Watching this thread ;-)


----------



## hotmetal (Oct 31, 2013)

I use a bog standard tea bag or 2, boiled in a small milk saucepan. Then throw in a cinnamon stick, cardamom, cloves and stuff. Or at a pinch I maybe add s bit of "chai masala" (spice mix for tea). Tip in a bit of evaporated milk (or ordinary milk) and boil it up a bit longer until the spice flavour permeates the drink. It's not 'refined', but the 'stewed' taste of it is reminiscent of the chai served by chai wallah in India (so I am reliably informed by someone who has experience).

I do not claim any health benefits for it!


----------



## FullBloomCoffee (Mar 19, 2015)

I use the "Drink Me" spiced stuff also, I mix some powder with a little water and mix to a paste, and then pour through steamed milk.

seems to get very food feedback from customers, including some who seem to be real chai connoisseurs haha.


----------



## Foussongin (Nov 19, 2015)

It's hard to get good chai...







And hard to make one - I preffer buy at local coffe house


----------



## TastetheTea (Feb 14, 2016)

I'll vouch for the "drink me" range at Asda, it's pretty good, very creamy and spicy







It's still one of my favorite Chai's


----------



## saj_87 (Jul 4, 2016)

hotmetal said:


> I use a bog standard tea bag or 2, boiled in a small milk saucepan. Then throw in a cinnamon stick, cardamom, cloves and stuff. Or at a pinch I maybe add s bit of "chai masala" (spice mix for tea). Tip in a bit of evaporated milk (or ordinary milk) and boil it up a bit longer until the spice flavour permeates the drink. It's not 'refined', but the 'stewed' taste of it is reminiscent of the chai served by chai wallah in India (so I am reliably informed by someone who has experience).
> 
> I do not claim any health benefits for it!


Ohh thanks! I must try this!!


----------



## c1000 (Aug 16, 2016)

Prana Chai is nice.
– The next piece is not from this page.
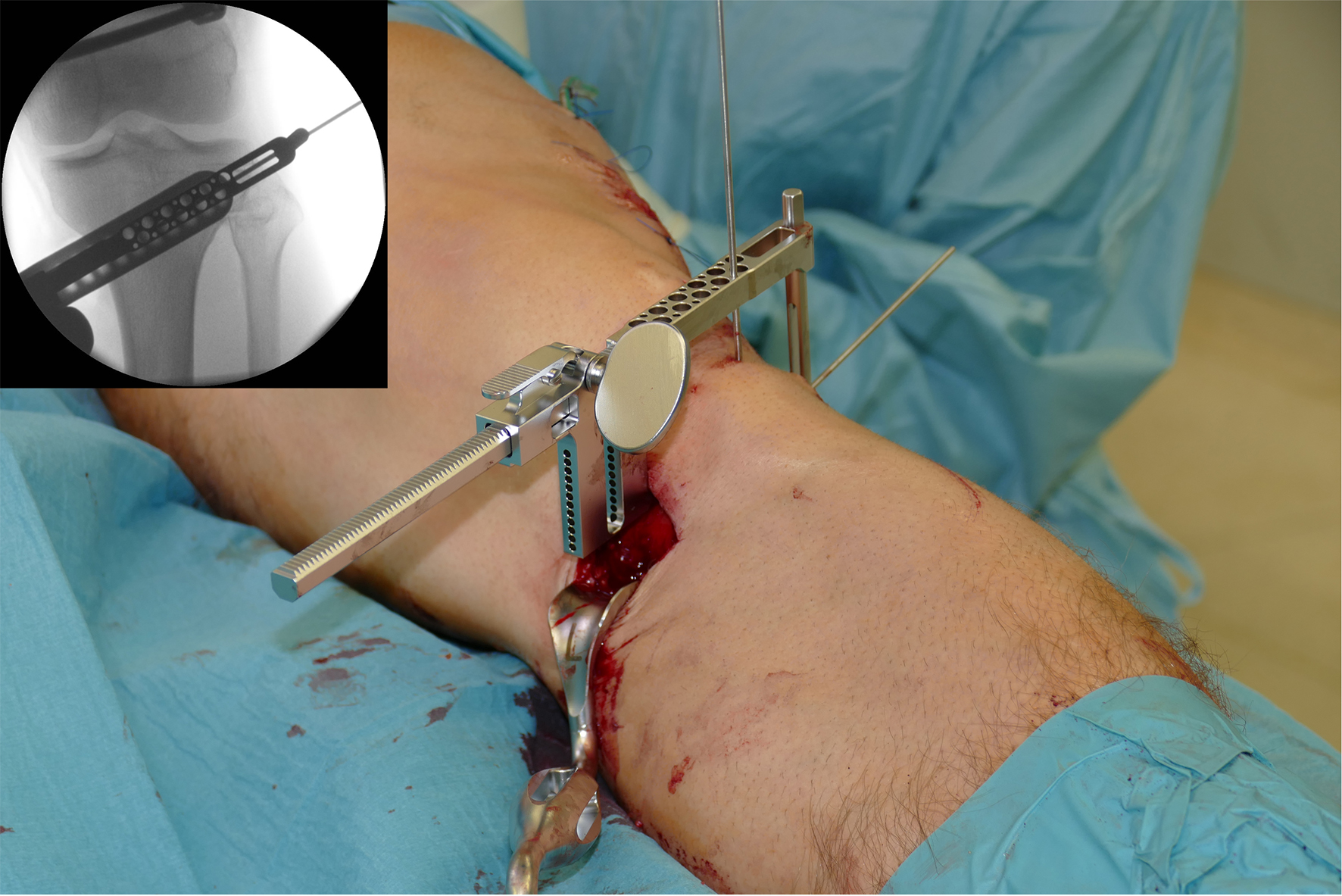 Following completion of the DFO and fixation with the TomoFix MDF Anatomical (Fig 10) the new aiming arm and K-wire guide system was used for the open wedge HTO.

The blend is moist, rather than dried.

https://pranachai.com


----------



## Yulia Kolomiytseva (Apr 16, 2017)

I love a good authentic chai latte!

A good friend of mine is from the beautiful sunny Goa and she makes a delicious chai latte for me when I visit - it is like some motherly love in a cup.







But I do agree with Foussongin above that a genuinely lovely chai latte means getting up at least 10 minutes earlier.

I've posted a recipe I use on my blog: https://www.eastcottandburgess.co.uk/copy-of-yunnan-vanilla-milk, but the idea is, in my personal opinion, that it is better to just buy a base tea you really like (it is likely to taste better than the powdered tea in the shop chai latte, so it will add a complexity of flavour to your drink), mixing some chai spices up and vanilla pod to store in a container and in the morning, just heating up some milk/ cream and dropping the leaves and spices in to infuse (perhaps in a muslin bag to avoid needing to strain) and adding honey to taste. This is so much more delicious, authentic and special than what you get in a shop and will have a lot less of the harmful sugar and chemical flavourings often found in shop-bought premixed chai lattes.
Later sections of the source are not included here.